My best friend since forever is starting a coaching business which means that I get the rare treat of watching (and helping) a business grow from a spark of an idea into reality. It’s been eye opening to say the least.
It also makes me think back to when I first started my coaching business and how differently I would have done things if I knew what I know now. Though on the other hand I wouldn’t have that knowledge if I didn’t experience the process.
While you can read books, attend training, even work with mentors or coaches who can tell you what you need to know; until you’ve actually put all of those things into practice and experienced failure or success on your own – you won’t get to a place of deep understanding. Where instead of listening to what everyone else is telling you to do, you form your own ideas and opinions.
And I think this is the case with any area of expertise whether it be growing a business, raising a child, running a marathon, or any other endeavor you take on.

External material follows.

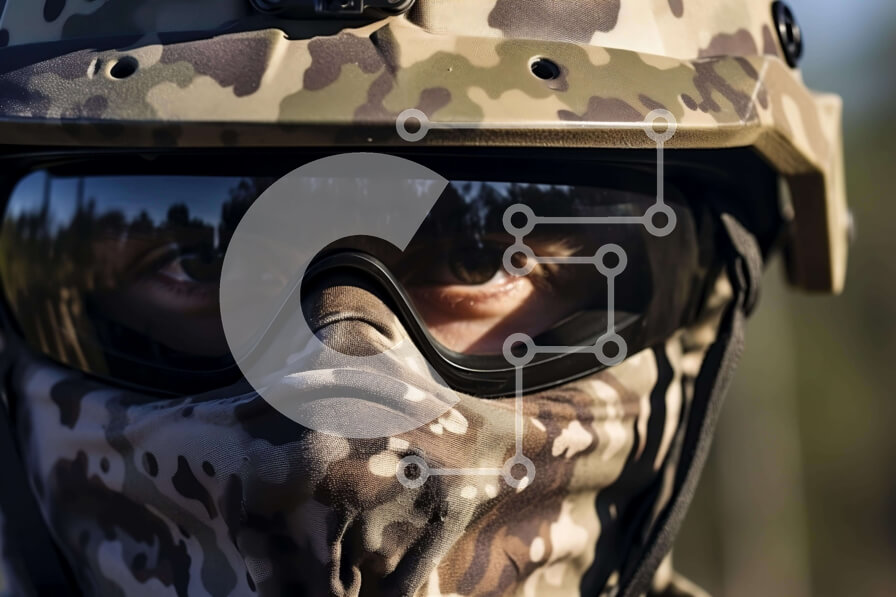 Intra Συλλεκτικό Ξύλινο Παζλ Plywood 4mm - Άνδρας με στρατιωτική στολή με μάσκα προσώπου παραλλαγής και γυαλιά Σε Ξύλινο Κουτί - Διαστάσεις Puzzle: 10x10 cm – 25 κομμάτια

Everyone begins as a beginner, they listen to those that have gone before them, and take their first steps on their never ending journey toward mastery. And even though no one ever ever quite finishes that journey, at some point along the way they do become an expert. They become the mentor and have the knowledge and experience to lead someone else on that same journey.
As coaches, our expertise in our field is what makes us a valuable commodity. Not how many trainings you’ve attended or certifications you have obtained.
I believe this distinction is very important, especially when you’re starting out as a coach. The common misconception is that in order to get clients or teach in a particular arena you need to “get certified” and I don’t believe that is true. Oftentimes coaches even hold themselves back because they are just getting certification after certification when the real issue at hand is their own confidence.
Here are a few circumstances when training and certifications are useful:
1. When you’re just starting out and you need a coaching framework until you can create your own. After all, why reinvent the wheel? This way you can get started right away and as you gain experience you can create your own signature system.
2. You are an established coach and want to add a tool to your toolbox that complements what you’re already doing. Sometimes when you’re coaching, a particular issue will come up again and again with clients and you can quickly learn a method from someone else to tackle the problem. By taking the training or certification you will become that much more effective as a coach.
3. You want to get to know a particular mentor. Oftentimes purchasing a training especially when it’s delivered by your favorite expert in your field is a great way to get to know them and explore other opportunities. This was how I met my mentor, and I worked with him for 5 years after my initial training.
4. You have a particular area you want to grow in. The only reason I will take a training is because there is something contained in it that I’m deeply curious about, to solve a problem I’m having, or grow my knowledge in a particular area. For me taking a training is about fine tuning and growth, or sometimes just learning something completely new (like cartooning for example).
The key here is that your expertise and talents come first and foremost. Trainings and certifications are meant to add to your arsenal and build on the knowledge you already have.
And here are a few “not-good” reasons to take trainings:
1. You think you have to be certified in order for anyone to take you seriously. Unless you’re working in a field where a certification is required, this isn’t the case. When it comes to hiring you, prospects want to know that you are an expert in your field and that your approach to solving their problem makes sense – neither of which require any formal training or certification. Your brand is what will make or break your business and determine whether prospects take you seriously.
2. You want to add more offerings because you think it will get you clients (and you aren’t currently booked solid). This is a slippery slope because what many coaches don’t realize – and won’t believe until they’ve until they’ve experienced it themselves – is that the less you have to offer, the easier it is to get clients. The reason is that the more you’re offering the more confusing it is to prospects plus it’s more difficult for you to explain what you do. If you’re not getting clients, chances are something else in your business is broken – not that you aren’t offering enough.
3. You are desperate and hope that the training will save your business, so you overstretch your finances to cover the cost. The truth is that yes, sometimes just one piece falling into place is all you need to turn things around. You definitely need to assess the risk though if you are over stretching yourself financially. What if things don’t turn around? What are other measures you could take that don’t cost money to get things on track? Most of the time you know there are actions you can be taking but for whatever reason are putting them off.
In the end your hard won experience, knowledge, and talents are what matter more than any letters after your name. Your brand is what communicates these to your prospects and positions you as the one they should be working with. Training and certifications are for your own personal growth and to add to what you already have going for you, but they are never the end-all be-all of your business.